That Darkness rendition of that classic is worse than Zoriah on the all time greats list.

Incidentally this is quite poignant I think:

When Radiohead refused to meet Miley Cyrus the starlet threatened to “ruin” them.

Cyrus kicked off the feudin’ during an appearance on the Johnjay and Rich radio show and rambled on for more than six minutes about how the band dissed her after she begged her manager to set up an introduction at the Grammy awards show.

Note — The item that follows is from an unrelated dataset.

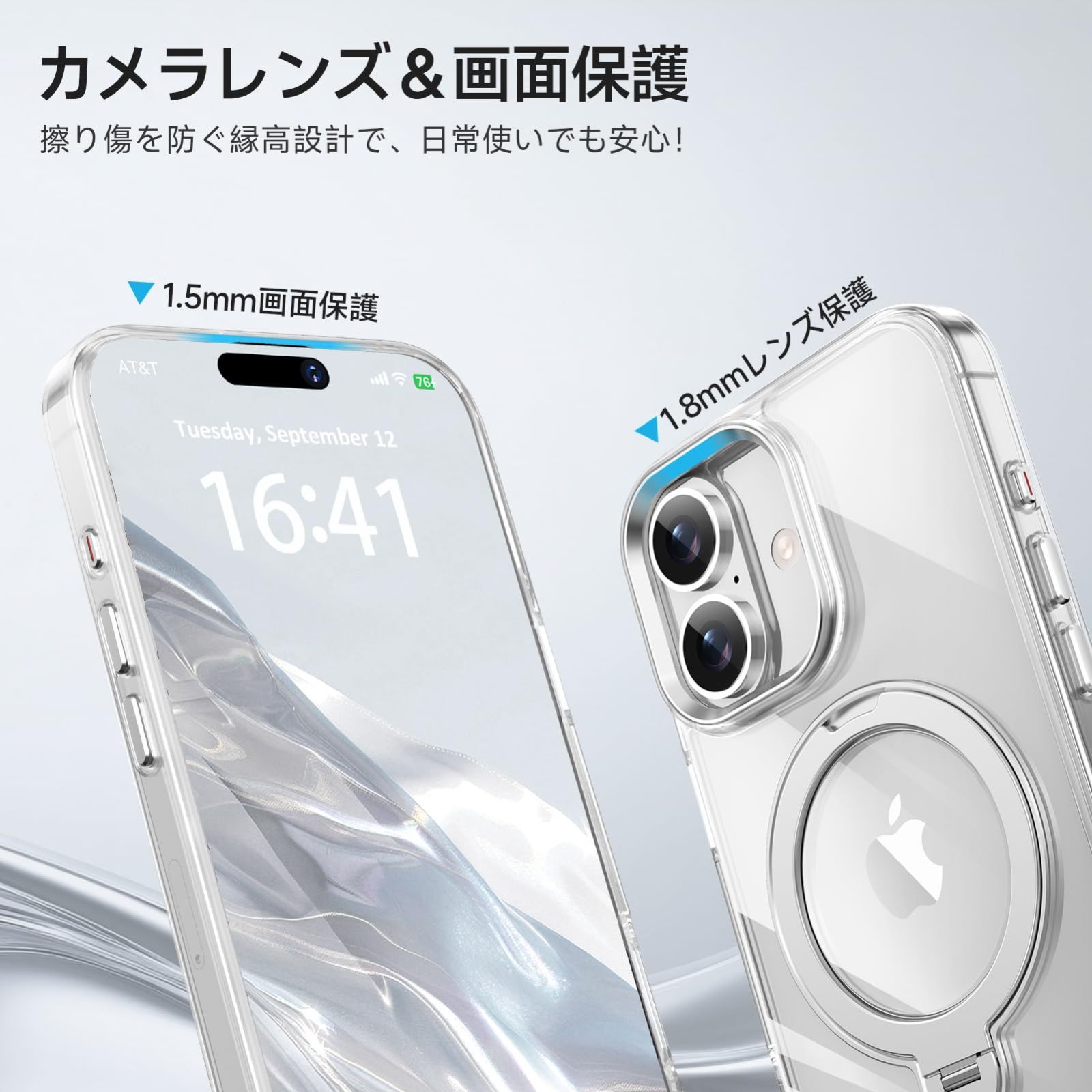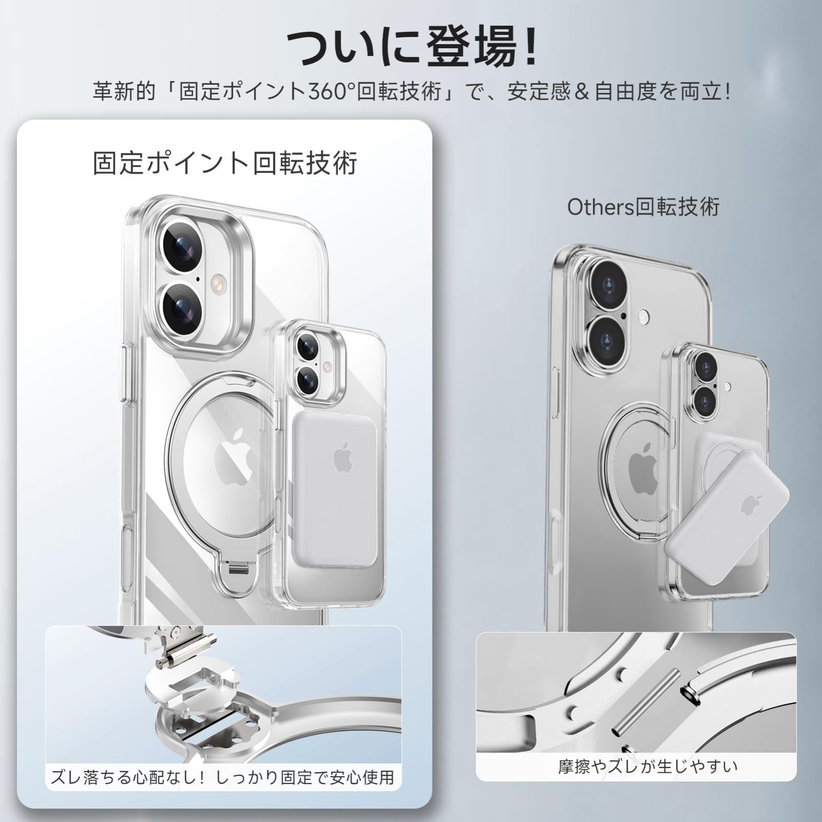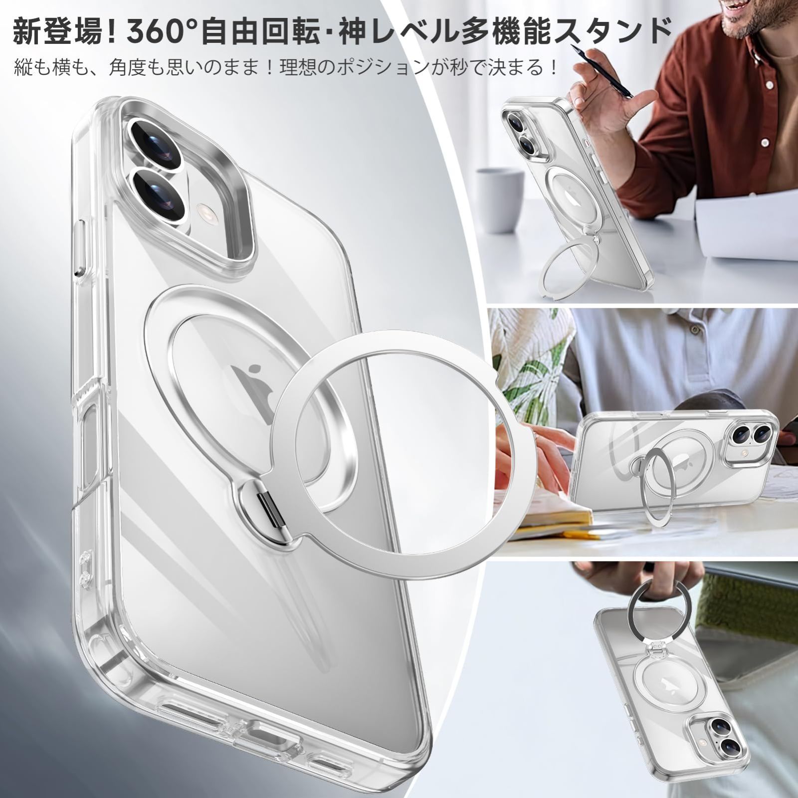 【最新!耐久性UP!360度回転スタンド】このiphone 17 用 ケースには、最新の360度回転スタンドが搭載されており、縦横の角度を0°170°で自由に調整できます。市販のスタンドが横置きに対応できないという欠点を完全に解消しました!動画視聴やビデオ通話時に、最適な角度を簡単に設定でき、横置きの不便さを解消します。さらに、強力なベアリングを採用し、リング部分の耐久性が大幅に向上しました。最大10倍の耐久性を実現し、長期間使用することができます。片手で操作でき、便利さと耐久性を兼ね備えた優れたアイテムです。

“I’m like, these are the people I really want to meet,” she said. "I’d freak out. They’re my rock gods. These are the only people that I would cry over…My manager asked and said, ’Miley’s really obsessed. Radiohead replied ‘We don’t really do that.’ "

She continued on in disbelief about the band’s lack of interest in meeting the Hannah Montana star, admitting she was so disappointed about the diss, she left the show early.

“I left ’cause I was so upset,” she said. “I wasn’t going to watch Stinkin’ Radiohead! I’m gonna ruin them, I’m going to tell everyone about them.”

Radiohead responded by putting the teen in her place…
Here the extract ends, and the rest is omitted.